The bit about taxes is anathema to the president and many conservatives, who view extending Bush's tax cuts as essential. Bush wants paygo budget rules that place limits on spending increases only, not on tax cuts. Other conservatives prefer a measure that would limit annual spending growth to adjustments for inflation and population growth. Several states are debating such measures (called TABORs, for Taxpayer Bill of Rights), and Colorado has enacted one. Conservatives are talking about introducing a federal equivalent this year, perhaps in the spring.
Rules requiring offsets and rules limiting spending growth both have good and bad points; but either might work best in addition to, rather than instead of, a rule targeting the deficit and backed by brutal spending cuts, a la Gramm-Rudman. The budget rules could help Congress meet the deficit targets, and the deficit targets could help enforce the budget rules. "One of the things about Gramm-Rudman was that it was understandable, and you had concrete goals," says Stephen Moore, a senior fellow in budget affairs at Cato. "With deficit targets that you have to meet, people can judge—did they meet them or not?"
One can be excused for imagining that Bush is none too serious about the deficit targets in his 2006 budget.

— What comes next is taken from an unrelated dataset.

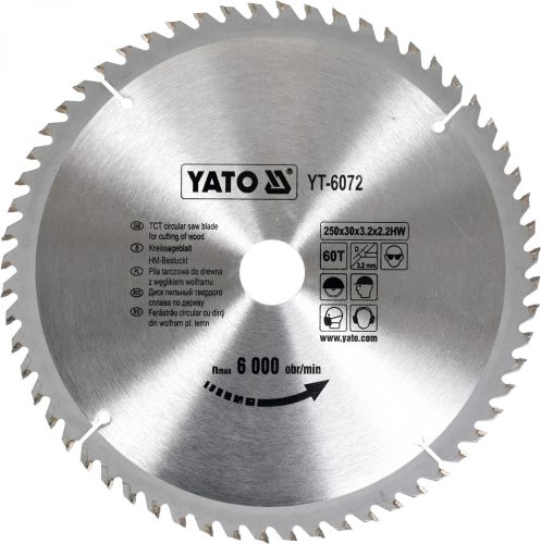 YATO Fűrésztárcsa fához 250/30/60 (YT-6072)

Perhaps his concentration might improve if Congress were to write his projected five-year deficits into law and back them with the threat of sequestration. That is not a good idea, if "good" means anybody's first choice. On the other hand, Niskanen says, "I think it's likely to be a better idea than what Mr. Bush is trying to get away with now. He's saying 19 percent of the budget is going to be very tight. Even if he accomplishes that, that does not yield very significant budget effects."
There are times when the nation needs wisdom, times to summon the spirits of Lincoln and Jefferson. There are other times, too: times to call upon the spirits of Beavis and Butt-head. Deficit targets are crude, ugly, and senseless. Nothing less will do.